COSBench allows the definition of workloads with a convenient XML syntax, it ships a web interface to submit new workloads and to monitor the process of ongoing ones and it automatically stores workloads statistics as CSV files.

The COSBench version used to produce these results was 0.4.0.b2.

Workloads

One set of workloads has been defined and used for both Ceph and Swift. Some adaptations were required for the different authentication mechanisms and for letting COSBench use pre-provisioned pools (the equivalent of Swift containers) for Ceph. This change was necessary to avoid that COSBench created new pools which would have used undesired default settings (replication levels and crush rulesets not matching the needed ones and inadequate number of placement groups).

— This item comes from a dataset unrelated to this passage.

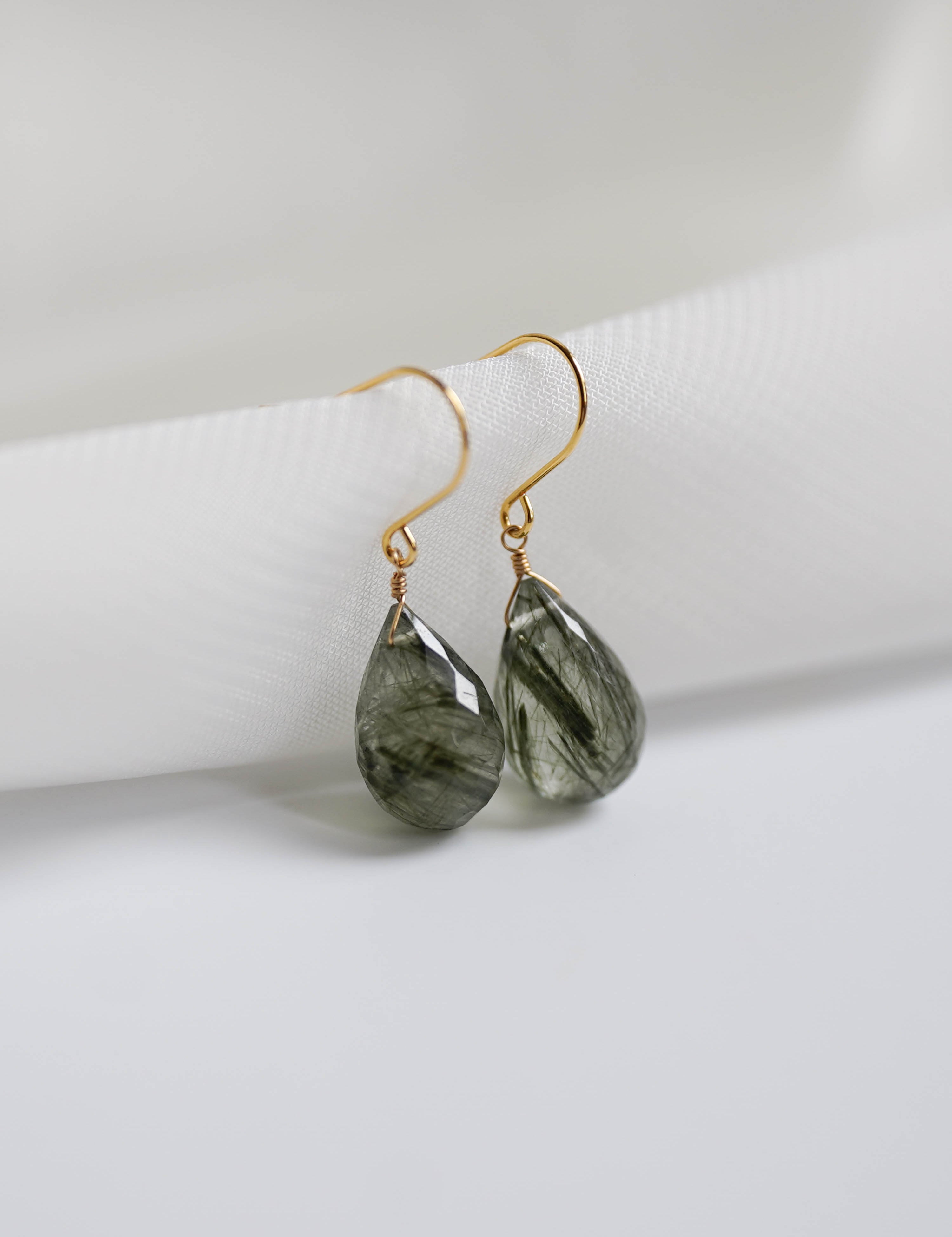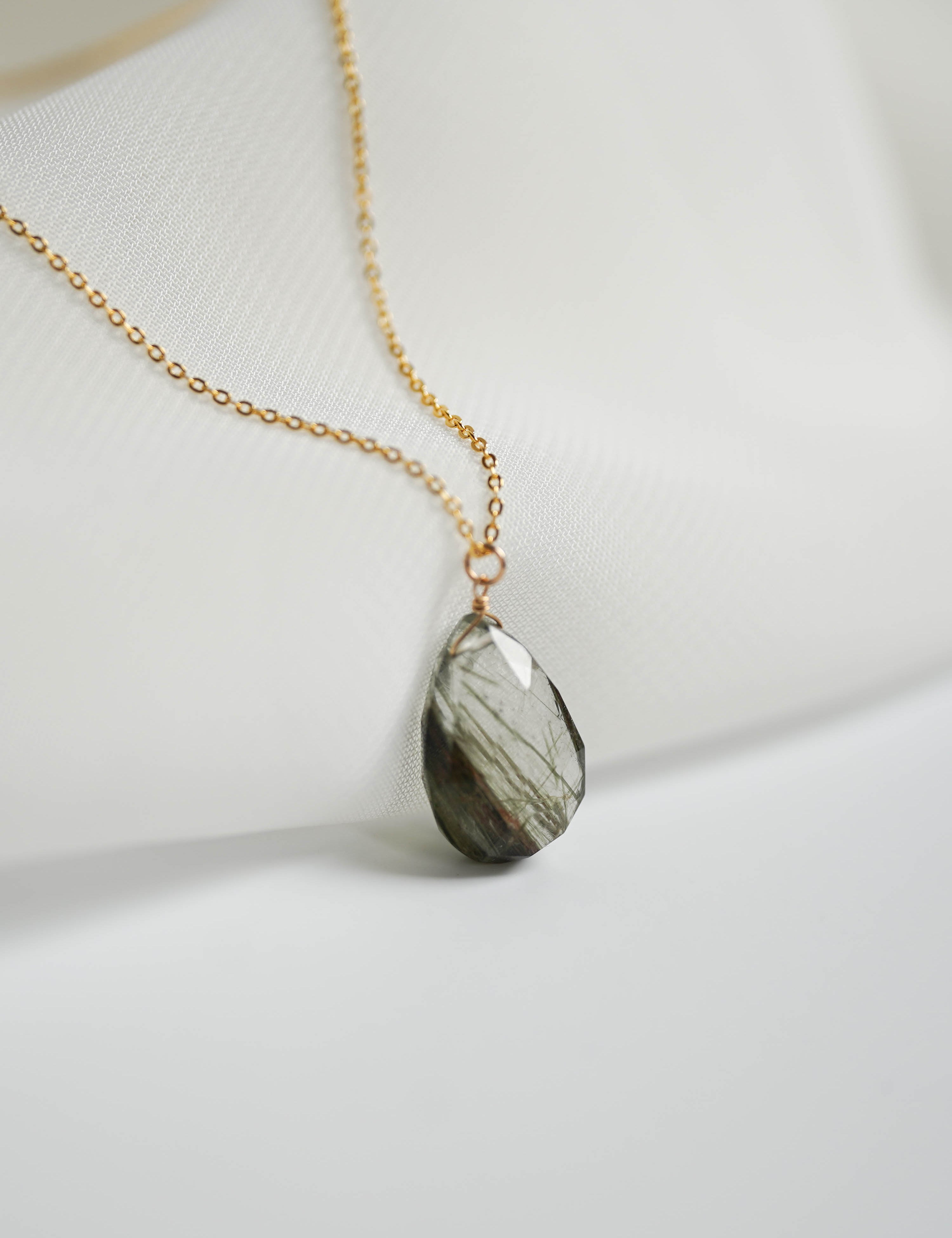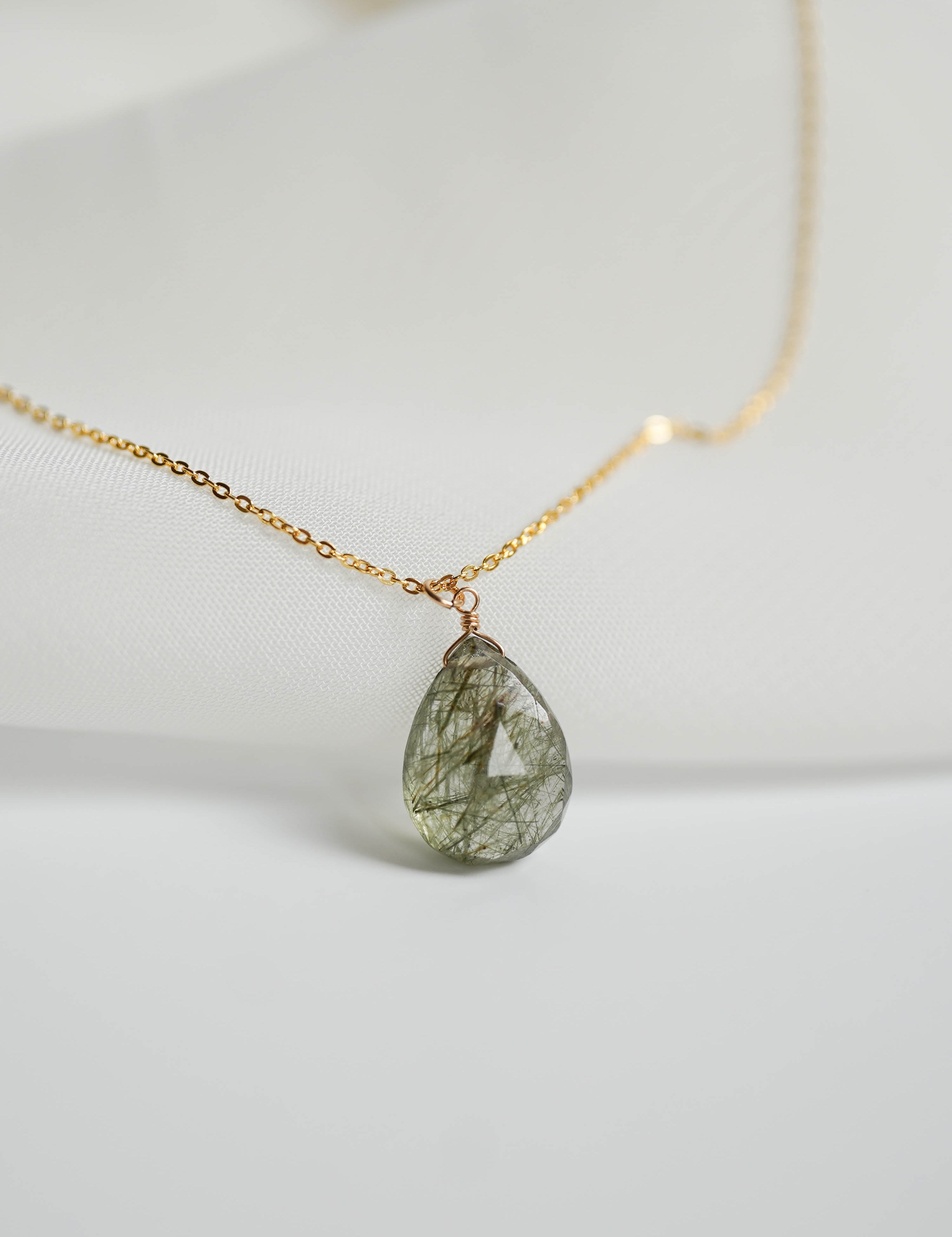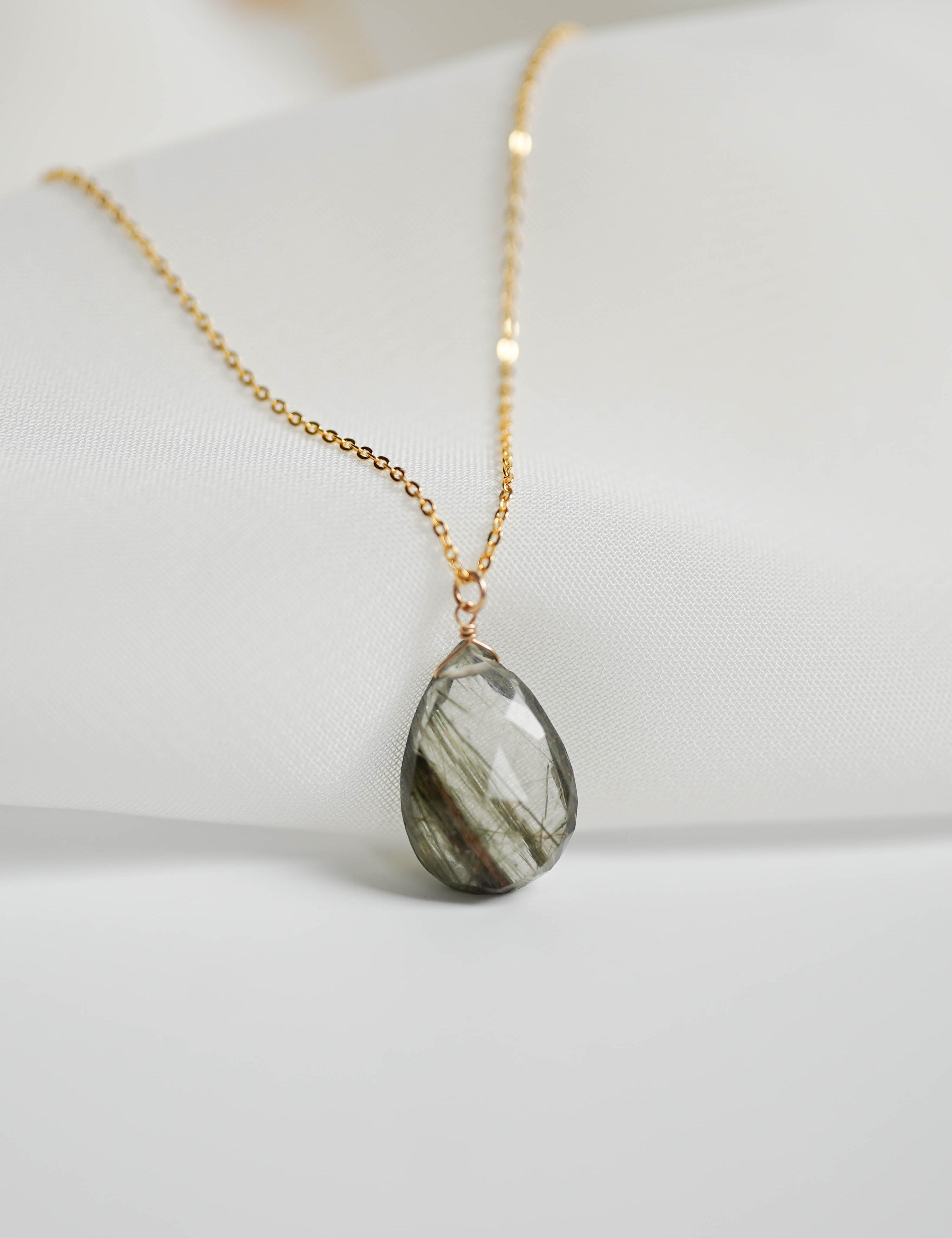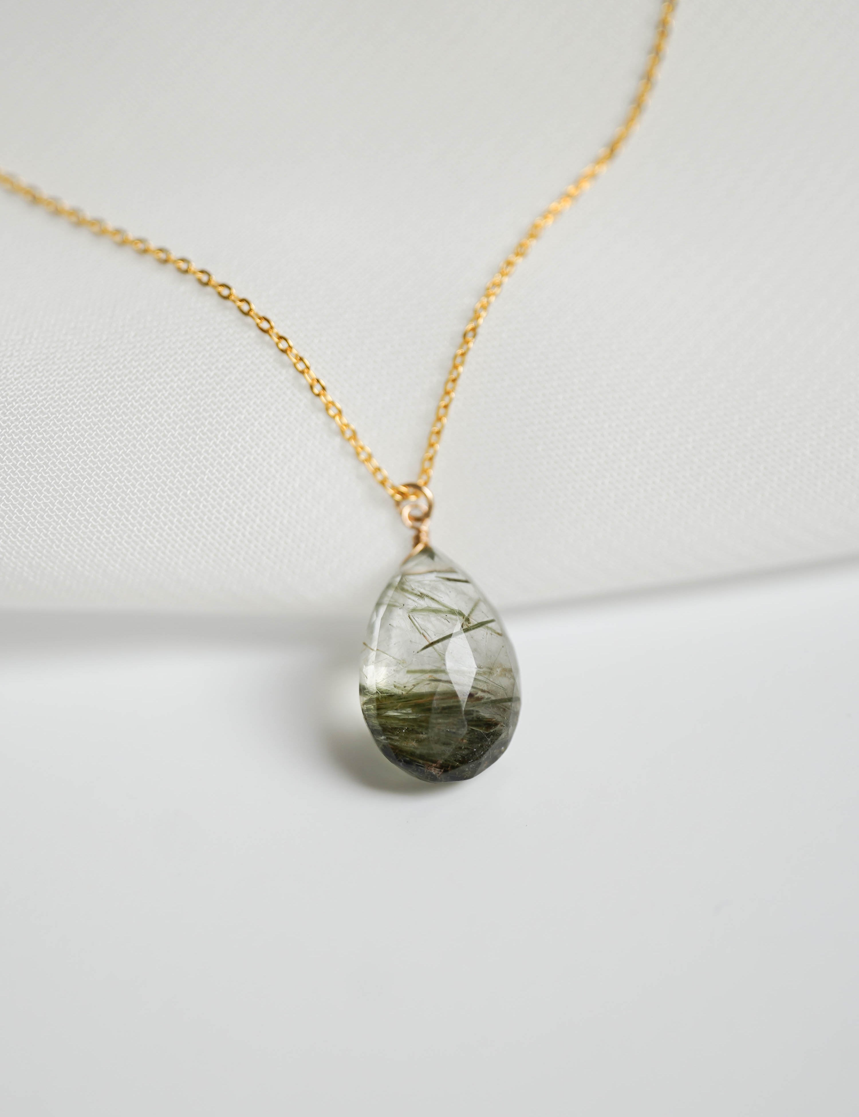 グリーンルチルクォーツ ドロップ ネックレス-A
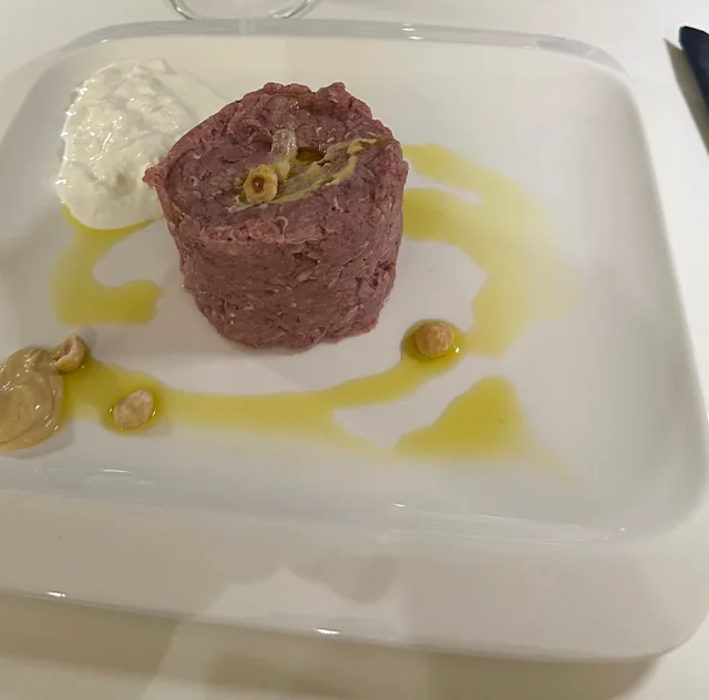 - Scottona, tuorle d'uovo, capperi, olive taggiasche, erba cipollina, sale, pepe, olio evo

For this benchmarks, 12 distinct workloads have been used. Each workload has been populated with 18 workstages (excluding the special stages to prepare and cleanup each workload).

Each workload has been defined to use a definite number of containers (pools in Ceph) and objects size. For example, in workload 1, every workstage was running with 1 container and objects of 4 kB.

Different workstages applied different distributions of read/write/delete operations and different number of workers for each read/write/delete phase.

Each workstage had a rampup time of 2 minutes and a total running time of 10 minutes (for a total of 12 minutes per stage). The read/write/delete operations for each stage were uniformly distributed across the available containers for that workload and a fixed number of 1000 objects per container.

Different configuration for each parameter has been used as shown in the following table:

Containers

Objects size

R/W/D Distribution (%)

Workers

1

4 kB

80/15/5

1

20

128 kB

100/0/0

16

512 kB

0/100/0

64

1024 kB

128

5 MB

256

10 MB

512

The total number of executed workstages is given by all the possible combinations of the values of each column with all the others, resulting in 216 stages, for a total running time of 43.2 hours for each set of workloads for each storage system.

In particular, the number of containers and the objects size were defined on a per-workload basis, while workstages within the same workload used different read/write/delete distributions and different number of parallel workers.

Naming conventions

Workload names are of the form <x>cont_<y><s>b where

  • <x> is the number of containers

  • <y> is the size of the containers expressed either in kB or MB

  • <s> is the unit for the containers size. For this session, <s> can either be ‘k’ (for kilo) or ‘m’ (for mega)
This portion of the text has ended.